Of course, but it's not, so it's cool that this project exists and probably relevant to people's interests here, which is why I shared it.

[jdiez17]

While I agree with you that Google is abusing its power in the Android ecosystem to "encourage" (to put it nicely) developers to use their APIs, it is actually possible to manage this imbalance between what Google wants and what we, as users, want.

Specifically with regards to notifications the main things I care about are instant messaging apps (WhatsApp, Telegram, Signal and Element) and email notifications. All of these apps fall back to either their own implementation of a persistent connection or use the OS' APIs for background job scheduling and polling. In my experience, having a handful of persistent background connections does not significantly impact battery life (<5%/charge). Also, modern Android has Doze[1] mode. Unless an app is granted a battery optimization exception, its scheduled tasks (polling) will run within a brief period every N minutes, where N depends on how long the device has been inactive. This is what I want in most cases. I personally only give IM apps a battery optimization exception. Notifications from other apps are usually less urgent/important.

However if you want the convenience of having a single connection for all your notification delivery, GrapheneOS[2] (an AOSP-based OS with many security and privacy improvements) has a compatibility layer for Google Play services[3] that allows it to be run with non-system privileges (i.e. the same as every app the user installs). That means you can choose exactly which permissions are granted to it. For example, you can revoke all permissions except Network[4]. This lets you use Google's FCM service without Google knowing anything about you except your IP address (and the contents of your notifications).

Using Google as the notifications middleman is an ugly crutch though[5], but this setup is solid. This is only necessary because they have convinced Android developers to use their APIs, but alternatives can and do exist. I think UnifiedPush[6] is going in the right direction, but they haven't gained much traction yet.

[1] https://source.android.com/devices/tech/power/platform_mgmt

[2] https://grapheneos.org

[3] https://grapheneos.org/usage#sandboxed-play-services

[4] https://grapheneos.org/features (ctrl-f Network permission toggle)

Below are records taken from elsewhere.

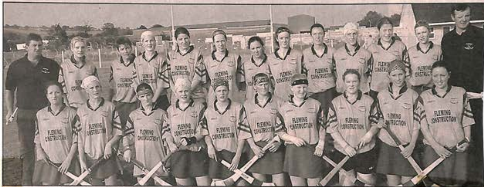
The Barryroe team that lost narrowly to Cloughduv in the recent quarter final of the county camogie senior championship.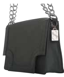
Vintage green, nickel metal chain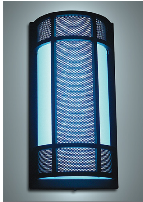
ARTEMIS L – XL3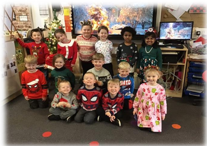
Happy Christmas Jumper day from Tulip class.

[5] similar to using Apple as the notifications middleman, although the incentives are slightly different

[6] https://unifiedpush.org/

[havkd]

> The Android OS is intentionally crippled to work only with Google Play push notifications, and there are no 'stock' ways to use an alternative without modifying the OS.

So modify the OS… it’s open.

[oblio]

Modify the OS, install it on your phone, hope that if you have an issue you still have support from the vendor or the carrier...

If it were that easy as an overall solution, non-OEM Android forks would be mainstream. They're not. I hardly know any people using non-OEM Android.

[josefx]

And distribute the modified OS to all your customers how exactly? You could probably sell your own android based phone as long as you find a single manufacturer that isn't part of Googles OpenHandset alliance or bound by the Play Store license to only sell Google approved Android. Alternatively you could limit yourself to India and China where Google cannot enforce these terms. There really isn't any point in pretending that Android is an open OS in the west. It is Googles proprietary stack or nothing.